UK MPs to vote on delaying Brexit
British MPs will vote on Thursday whether the government should ask the EU for permission to delay the country's withdrawal from the bloc amid an intense week of parliamentary ballots.
London, March 14: British MPs will vote on Thursday whether the government should ask the EU for permission to delay the country's withdrawal from the bloc amid an intense week of parliamentary ballots.
The new vote comes after MPs on Wednesday voted to reject a no-deal Brexit "under any circumstances", the BBC reported.
Conservative Party Prime Minister Theresa May tabled a motion on delaying Brexit by three-months beyond the March 29 deadline as her proposed Brexit deal twice failed to get parliamentary approval. MPs also rejected the scenario of the UK leaving the EU without a deal in place.

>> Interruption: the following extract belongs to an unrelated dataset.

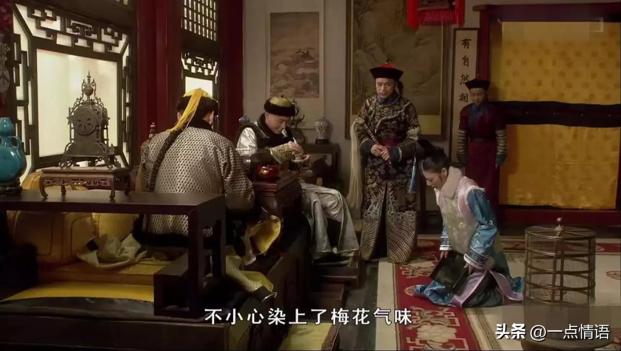皇上问她,茶是不是用倚梅园梅花上的雪水泡的。余莺儿立刻跪下说是自己昨夜不小心染上了梅花的气味。

Brexit could still go ahead on March 29 if Parliament approves May's deal, which Brussels supports, before an EU leaders' summit next week.
The vote in the House of Commons, the UK's lower legislative chamber, will be held on Thursday evening. MPs are expected to request an extension of Article 50 of the Lisbon Treaty, which established a transition period of two years for a country to leave the EU.
If Parliament approves the Prime Minister's deal by March 20, Brexit could be delayed by three months, until June 30.
But on Wednesday, May warned if her deal does not get through Parliament, a longer extension -- which would need the unanimous approval of the other 27 EU member states -- would be required, meaning the UK would be forced to participate in European Parliament elections in May.
"I do not think that would be the right outcome," said May. "But the House needs to face up to the consequences of the decisions it has taken."European Council's President Donald Tusk said he would urge EU leaders at the upcoming summit to back a long extension. "During my consultations ahead of the European Council, I will appeal to the EU27 to be open to a long extension if the UK finds it necessary to rethink its Brexit strategy and build consensus around it," he wrote on Twitter.
EU chief Brexit negotiator Michel Barnier told the European Parliament on Wednesday the ball was firmly in London's court."It is UK's responsibility to tell us what they want for our future relations. That is the question that needs to be posed to which we expect an answer. It will be a priority even before the question of an extension. Negotiations on Article 50 (the mechanism that laid down Britain's departure date as March 29) are finished," he said.
"We have agreed a deal with the Prime Minister and the EU is ready to sign it. There are only two ways to leave the EU: with or without a deal. The EU is prepared for both," Barnier said.